Svolgeva il suo lavoro in un angolo dell’hangar in cui è morto. Un angolo di tre metri quadrati circa che aveva attentamente recintato affinché diventasse uno spazio privato, l’unico nella sua vita da homeless. Lì contava le bottiglie, ammassava le cose interessanti trovate per strada, custodiva i suoi segreti. Le pareti erano composte da file di bidoni sormontate da grandi sacchi di plastica appesi a una corda, pieni di bottiglie scartate, per varie ragioni, dai suoi conteggi. A rendere queste pareti impenetrabili non era tanto il loro spessore o peso, quanto la naturale propensione delle persone a evitare di passare in mezzo a cose sporche e appiccicose.

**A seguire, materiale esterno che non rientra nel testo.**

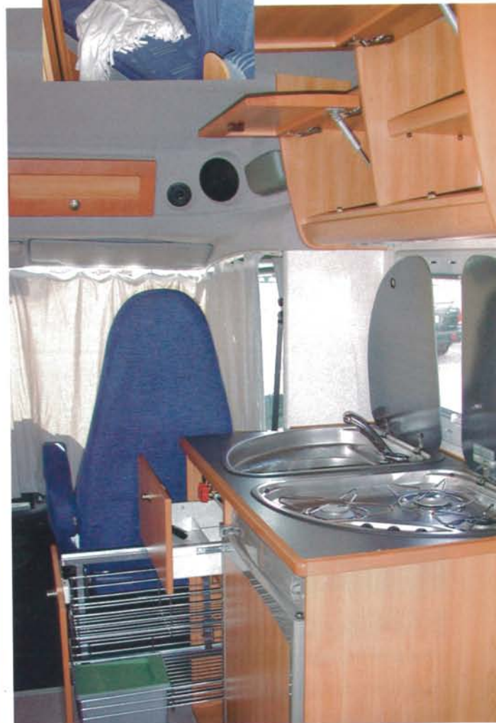
Snyggt och prydligt pentry, men snålt om plats för husgeråd och matlagning.
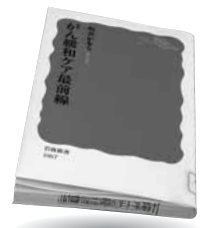
「がん緩和ケア最前線」 坂井 かをり 岩波書店
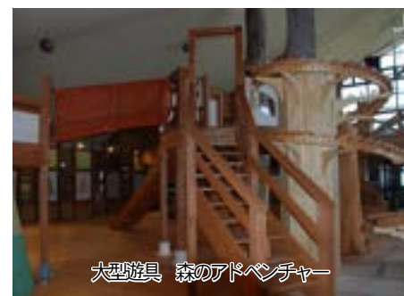
大型遊具 森のアドベンチャー
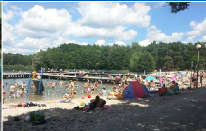
Zmodernizowana plaża nad jeziorem Glibiel przyciągała tłumy w wakacyjne popołudnia.
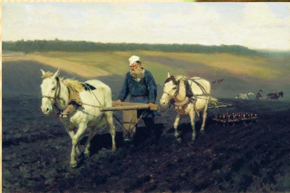
И. Репин. Пахарь . Л. Н. Толстой на пашне
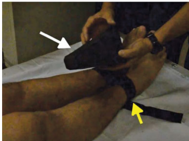
Fig. 2 Após a colocação da fita de Velcro (setas amarelas) em volta dos tornozelos à altura supramaleolar, a atenção é dedicada à aplicação do estresse em varo no joelho. O triângulo de espuma (setas brancas), feito com etileno acetato de vinila, é colocado entre os joelhos. É importante assegurar o posicionamento da base do triângulo à altura da tuberosidade tibial e da ponta do triângulo à altura do fêmur distal.
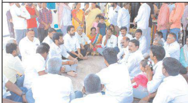
తలమడుగు,ఫిబ్రవరి07,సూర్య మేజర్ న్యూస్

ప్రతి ఒక్కరు భక్తి మార్గంలో నడవాలని ఎమ్మెల్యే అనిల్ జాదవ్ కోరారు. తలమడుగు మండలంలోని సుంకిడి గ్రామంలో అయ్యప్ప స్వామి ఆలయంలో కుచులాపూర్ మాజీ సర్పంచ్ ప్రత్యేక పూజలు నిర్వహించి అన్నదాన కార్యక్రమం చేపట్టారు. ఈ కార్యక్రమానికి ముఖ్యఅతిథిగా ఎమ్మెల్యే అనిల్ జాదవ్ హాజరు కావడం జరిగింది.
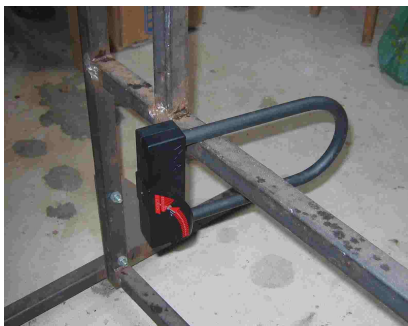
le banc d'essai installé par REVV

Le niveau 2 est attribué aux antivols qui résistent aux effractions utilisant des outils plus agressifs mais moins discrets (dimensions inférieures à 60 cm), dans un temps donné. Il correspond à des vols dans des lieux à l'écart des témoins ou la nuit.
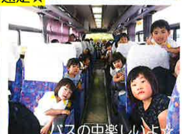
バスの中楽しいよ☆
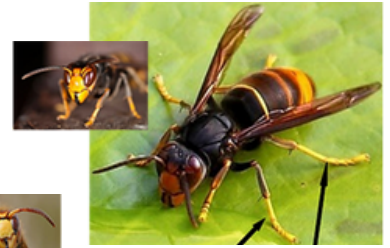
LE FRELON ASIATIQUE
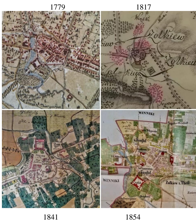
Рис. 1. Фрагменти топографічної карти і планів Жовкви 1779–1854 рр. (масштабу не дотримано, орієнтація північ-південь оригінальна) [2, 3, 6, 9]

Методи і матеріали. До дослідження ми залучили карти та плани Жовкви, починаючи від Йосифінського топознімання 1779–1882 рр. (так звана карта фон Міга, масштаб 1:28800) і закінчуючи топографічною картою радянського періоду масштабу 1:10000 1984 року: загалом вісім найбільш репрезентативних карт і планів від 1779 до 1984 року (рис. 1–2). Зауважимо, що вони різного масштабу (від 1:2880 до 1:100000) та точності знімання, та конфігурація водотоків прочитується.
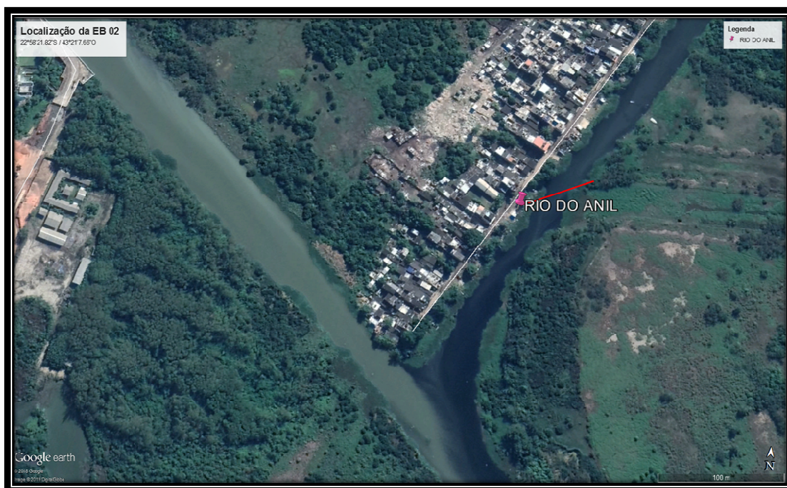
Figura 4: Localização da Ecobarreira do Rio Anil

Dentro quel fortino c’era un mondo, difficile da intuire e da vedere. L’illuminazione era scarsa e l’occhio finiva per cadere sui riflessi opachi di uno specchio macchiato dall’umi-
dità. Appoggiato alla superficie c’era un biglietto con una frase scritta a mano.
Walter teneva molto alla sua disciplina mentale, e non voleva rischiare di montarsi la testa.
Fuori c’era un mondo, c’è ancora. Decine di persone al lavoro. Donne e uomini dalle origini più disparate che aprono e chiudono sacchi di plastica colmi di lattine e bottiglie vuote, che spostano carrelli, che contano e dividono per tipologia e marca i pezzi della loro raccolta. Sono i canner, persone che battono le strade di New York per chilometri, spingendo carrelli della spesa, con un solo obiettivo: raccattare il maggior numero possibile di lattine e bottiglie da scambiare per cinque centesimi al pezzo. Il loro instancabile lavoro ha trasformato un programma di vuoto a rendere nato negli anni
Ottanta per incentivare il riciclo in un sistema di welfare informale per migliaia di persone che vivono in povertà. Perché nella città verticale, quella dei grattacieli e dei rooftop, cinque centesimi non sono niente. Per acquistare un caffè da passeggio si spende in media cento volte tanto. Ma nella città orizzontale dei canner, la città che si muove sui marciapiedi e negli scantinati, cinque centesimi sono cinque
centesimi, sono qualcosa. E la strada diventa una miniera inesauribile.
L’hangar dove lavorava Walter è in uno dei tanti redemption center, i punti di raccolta di bottiglie e lattine di New York. Si trova a Brooklyn, nel mezzo di un lotto non edificato. Le strutture principali sono mobili, per lo più container usati come magazzini dove stoccare lattine e bottiglie pronte per essere ritirate e riciclate. Uno dei container ospita l’ufficio amministrativo. Qui i canner dichiarano quanto hanno raccolto ed escono con qualche dollaro in tasca. Alcuni con pochi dollari, altri con molti dollari. Dipende. Salute fisica, forza, determinazione, professionalità, fortuna, contatti giusti. Tutto ha un peso.
Walter non si poteva definire un vero e proprio canner perché non raccoglieva contenitori vuoti per strada. Era la persona incaricata di contare le bottiglie di bibite portate dagli altri. Solo quelle di plastica. Un collega del centro si occupava del vetro, un’altra delle lattine, e così via.